Wiesz, czemu mi czytelnik nie skąpi uznania
W domu, a poza domem ulegam obmowie?[1]
— Bo ja wietrznego ludu łask, głosów nie łowię
Na przynętę łachmana, dobrego obiadu,[2]
40
Luminarzy nie słucham, by ich zębcem gadu[3]
Kąsać w klubach krytyków — tem wszystkiem się brzydzę;
Tu sedno.[4] — »W pełnej sali ja czytać się wstydzę
Moje lekkie ramoty, by im dodać wagi«
Rzekę. — »Kpiarzu, dla wyższej je chowasz powagi,
45
Dla Jowisza:[5] snać ufasz, że ty go zabawić
Jeden możesz — też skromność!« — Miałem się mu stawić,
Lecz nuż jeszcze przed walką podrapie mię pierwej!
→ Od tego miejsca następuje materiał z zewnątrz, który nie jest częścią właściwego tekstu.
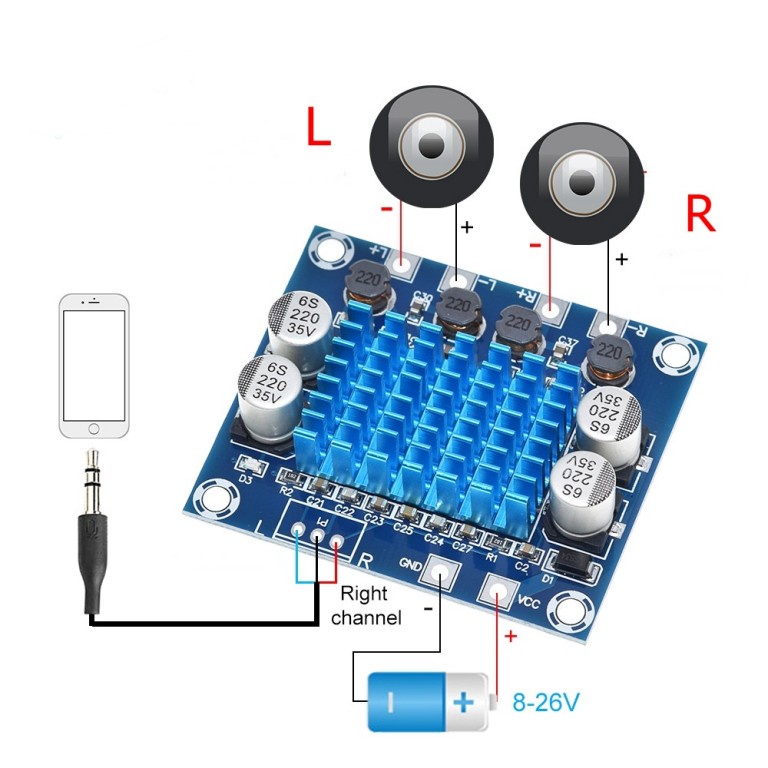 -mạch khuếch đại âm thanh nổi 30W+30W -mạch kèm theo rắc 3 chân và dây bus 3 chân như hình dùng kết nối dây tính hiệu âm thanh vào -chú ý đấu đúng cực - + .nếu đấu sai có thể gây hỏng mạch -sản phẩm y như hình sop tự chụp

»Miejsce mi nie dogadza« — krzyknę, żądam przerwy;
Bo z żartu wnet do kłótni i gniewu przyjść może,
50
A z gniewu do wściekłości i walki na noże.
- ↑ W. 37. w domu... poza domem — Tj. czytelnik inaczej w duchu myśli, a inaczej się głośno wobec ludzi wyraża.
- ↑ W. 38—39. Obraz wzięty z życia politycznego, z okresu wyborczego.
- ↑ W. 40. Luminarzy nie słucham — nie bywam na odczytach modnych pisarzy, ażeby ich potem w klubach literackich nicować.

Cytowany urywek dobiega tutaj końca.